# Intuitive Explanation Relationship between Random Variable, Density function and Distribution

After slowly coming to grips with Random Variables and the distributions that they subscribe to (e.g. $$X$$ ~ $$\mathcal{U}(0,1$$)) , we introduced the notion of pdf, which I believe I understand in essence, but I am rather confused when, for example, we are told that for the exponential distribution to parameter $$\lambda > 0$$

the density $$f$$ can be said to be $$f(x):=\lambda e^{-\lambda x}\chi_{[0,\infty[}(x)$$.

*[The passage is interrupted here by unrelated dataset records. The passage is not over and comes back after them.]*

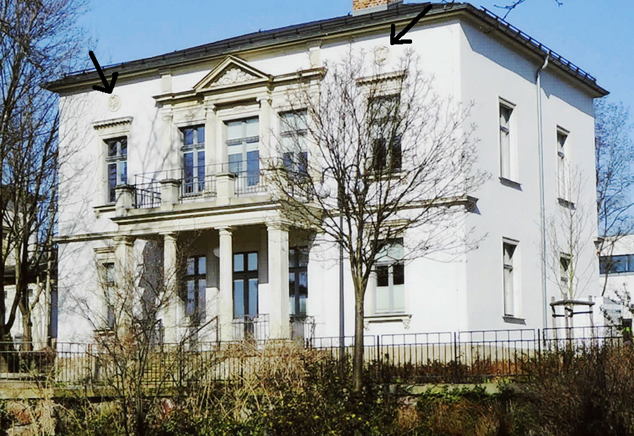 Das Material besteht in der Regel aus einer Mixtur aus Lehm, Gips oder auch Zement. Diese Rezeptur, die im fertigen Zustand (dazu gehört auch ein Brennprozeß) möglichst witterungsbeständig sein sollte, war ein Betriebsgeheimnis. Die in Radebeul gefundenen Figuren haben sich über die 150 Jahre auch recht gut gehalten, es gibt kaum Brüche oder Auswaschungen. Allerdings hat die Taktstraße der 60- und 70-er Jahre sicher auch in dieser Gruppe von Stuckerzeugnissen zu Verlusten geführt als die sozialistischen Reparaturbrigaden rasche Erfolge vorweisen und sich nicht mit „Klein-klein“ aufhalten wollten. Mit den noch vorhandenen Medaillons sollten wir heute bei Haussanierungen auf jeden Fall sorgsamer umgehen, im Falle eines Kulturdenkmals sowieso. Außer den kleinen Medaillons (Durchmesser ca. reichlich 50cm) aus Stuck gehören noch die verzierten, runden Lüftungsöffnungen – sh. V&R 04/ 22 – und die „Bilder in dreieckigen Rahmen“ – sh. V&R 08/24. Die vorgestellten Medaillons wurden üblicherweise auf der Schauseite der Häuser, manchmal auch an den Flanken zu den Nachbarn angebracht; man wollte zeigen, dass man Sinn für alles Schöne hat! Farblich sollten diese Medaillons nur eine Nuance heller gehalten sein als die Putzflächen, z.B. Weiß vor Hellocker. In einem Fall (kein Denkmal) wurde der Kontrast voll ausgereizt, weißes Medaillon vor roter Putzfarbe. In anderen Fällen konnten Medaillons den Farbton eines hellen Sandsteins haben, waren aber kein Sandstein.
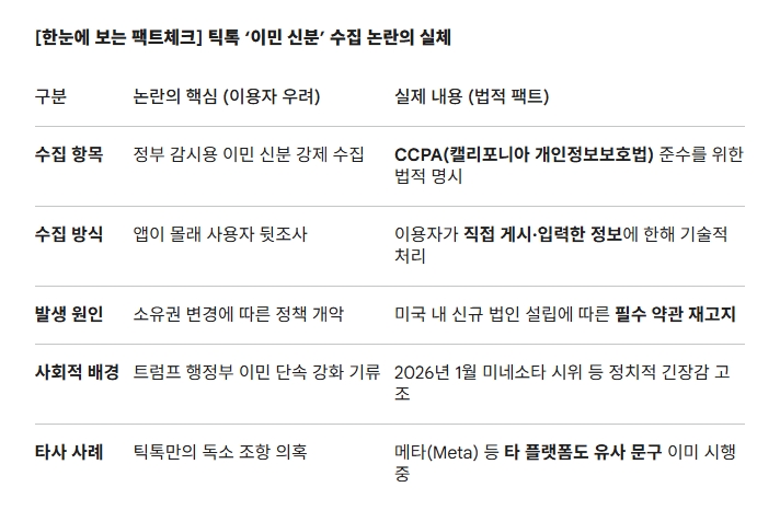 이미지 확대보기테크크런치(TechCrunch)가 지난 23일(현지시간) 보도한 내용에 따르면, 이번 논란은 틱톡의 미국 내 소유 구조 변경에 따른 필수 알림 과정에서 이용자들이 평소 무심코 지나치던 약관 세부 내용을 확인하며 발생했다. 6하 원칙에 따라 분석하면, 지난 23일 미국 전역에서 틱톡 이용자들이 업데이트된 프라이버시 정책 속 ‘민감 정보’ 항목을 발견하고 정부 감시 가능성을 우려하며 계정 삭제 등 집단행동에 나선 모습이다.
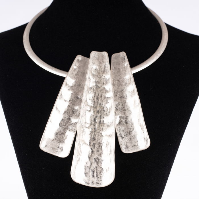 Colier rigid cu 3 dreptunghiuri inegale din metal aurgintiu cu aspect de lovitura de ciocan
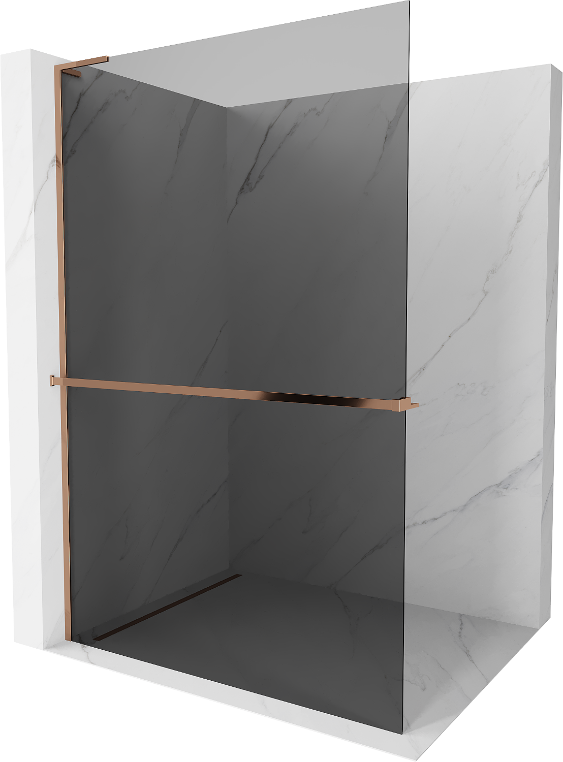 Mexen Kioto+ L ścianka prysznicowa z półką Walk-in 100 x 200 cm, grafit, różowe złoto - 800-100-123-60-40
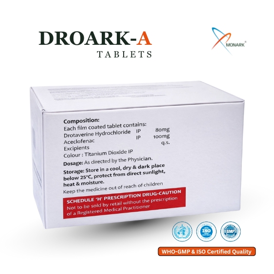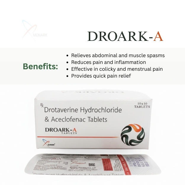 DROARK-A stands out as an effective and convenient medication for managing conditions involving both smooth muscle spasms and pain. By combining the muscle-relaxing power of Drotaverine with the anti-inflammatory and pain-relieving properties of Aceclofenac, it offers comprehensive relief in a single tablet.
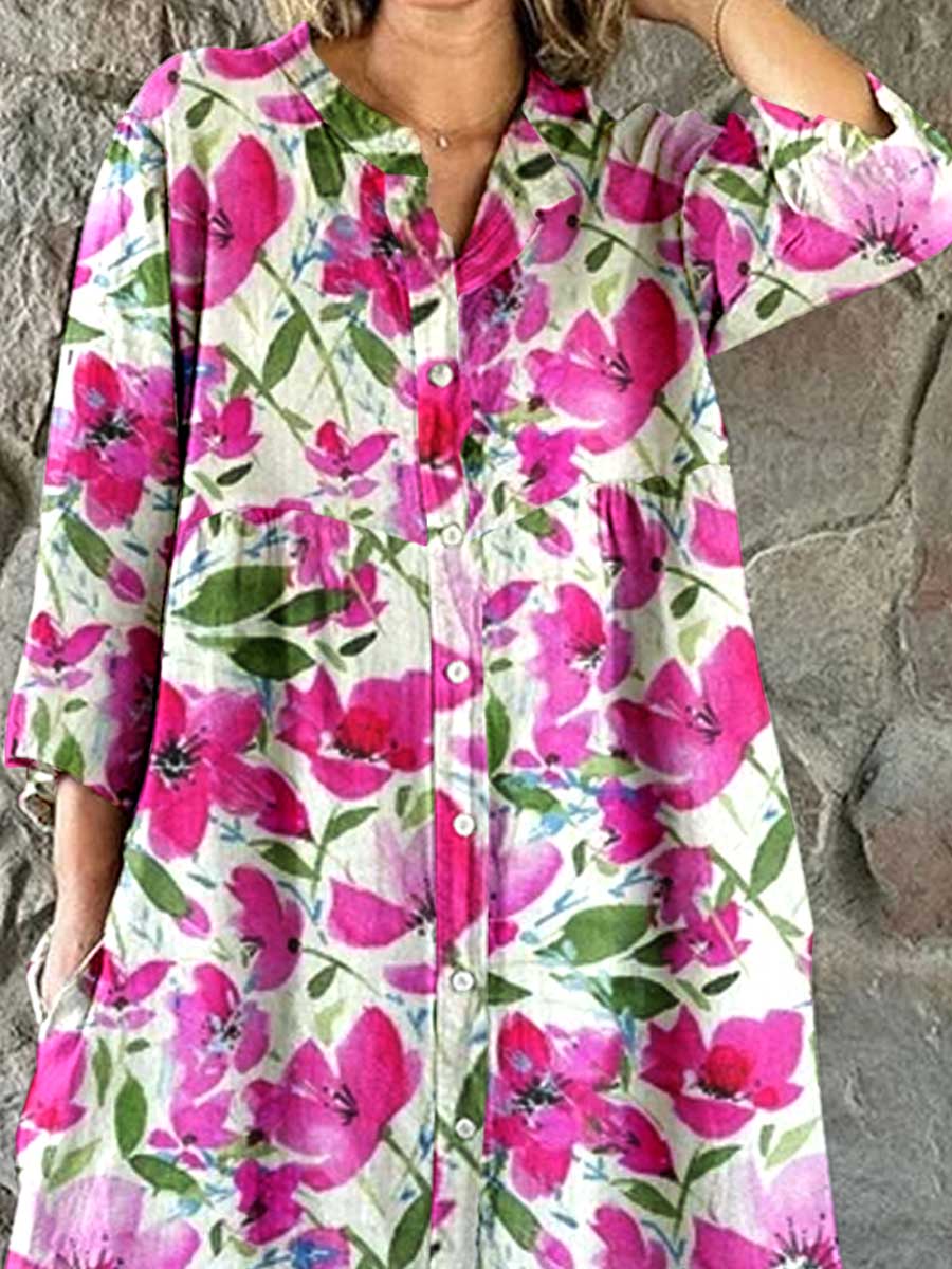 Women's Resort Art Watercolor Floral Cotton Shirt Dress

I always thought that distributions were set according to a random variable. However, a random variable is not mentioned anywhere above.

My guess is that $$f(x):=P(X \in \{x\})$$, where $$X$$ is the random variable that actually has exponential distribution to parameter $$\lambda$$, rather than the density function $$f$$.

I need clarity on the terms, and perhaps an explanation on how it all fits together.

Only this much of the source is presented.